The ABA, by taking this position is, it seems to me, violating a trust (or even a fiduciary duty) to defend the unfettered ability of the legal profession to fulfil its role in a system based upon the rule of law.

We should be removing their gatekeeping in the legal profession. The American Bar Association power comes from our state governments.

This is a clear violation of civil rights in my opinion

A license is a government-issued credential. This would definitely be a violation of Constitutional rights.

The Oregon Health Authority suspended the license of a rural doctor who refused to follow “their” mandatory WuFlu guidelines. To me it was clear message of “Respect my Authoritay.” That was the day that medical science in Oregon died. Mark my words, Lysenko is making a comeback.

For those who haven’t seen it, “The Death of Stalin” is destined to become one of the all-time greats. The people behind it clearly saw the future, or, they still remember the past. Their depiction of the doctors is definitely where “woke medicine” is destined to go.

Sounds like the ABA is advocating the interests of itself first, loud-mouth object-o-trons second, law schools third, and practicing lawyers somewhere after those, if at all. Seems typical for successful organizations. First they work for their membership and mission. Eventually the membership is fodder, and mission a con, to the aid of some other folks.

How does a membership organization mutate from mutual aid society to 3rd party advocating apparatchiks? Hoffer’s famous observation tracks, but does not suggest how to stop it by illuminating the how or why of mutation from movement, through business, to racket.
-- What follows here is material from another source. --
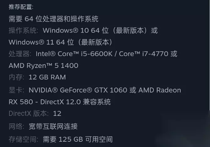 推荐配置: 操作系统:Windows 10 64bit 或 Windows 11 64bit(最新更新版本) CPU:英特尔酷睿 i5-6600K 或 AMD Ryzen 5 1400 显卡:GTX 1060 或 Radeon RX 580 显存:4GB 内存:12GB 硬盘所需容量:125GB

I speculate that as organizations build external identities with some signaling value, the *fact of* having membership, or being “leadership” acquires its own value independent of contribution or results; independent of inside the organization, the organization’s membership or mission.

These orgs seem inevitably to grab onto gating authority too, making them more important for others doing things, without themselves having to do anything much.

It’s lucrative to be in charge without having to do any particular good. Nice work if you can stomach it.

Antifundamentalist | September 29, 2022 at 8:24 pm

Unless you think and behave correctly (as they proscribe), the American Bar Association believes that you should not be able to retain legal counsel. And they will threaten the livelihood of lawyers to enforce that agenda.

Too bad the ABA doesn’t publish a list of the attorneys that voluntarily pay dues to the ABA. Then we would have conclusive proof of which lawyers have their woke head up their butt.

How are the leaders of the ABA chosen? Would it be possible to elect new leaders who respect the constitution and civil liberties?

Red states should pull their representatives. An org that hates America should not call itself the American anything.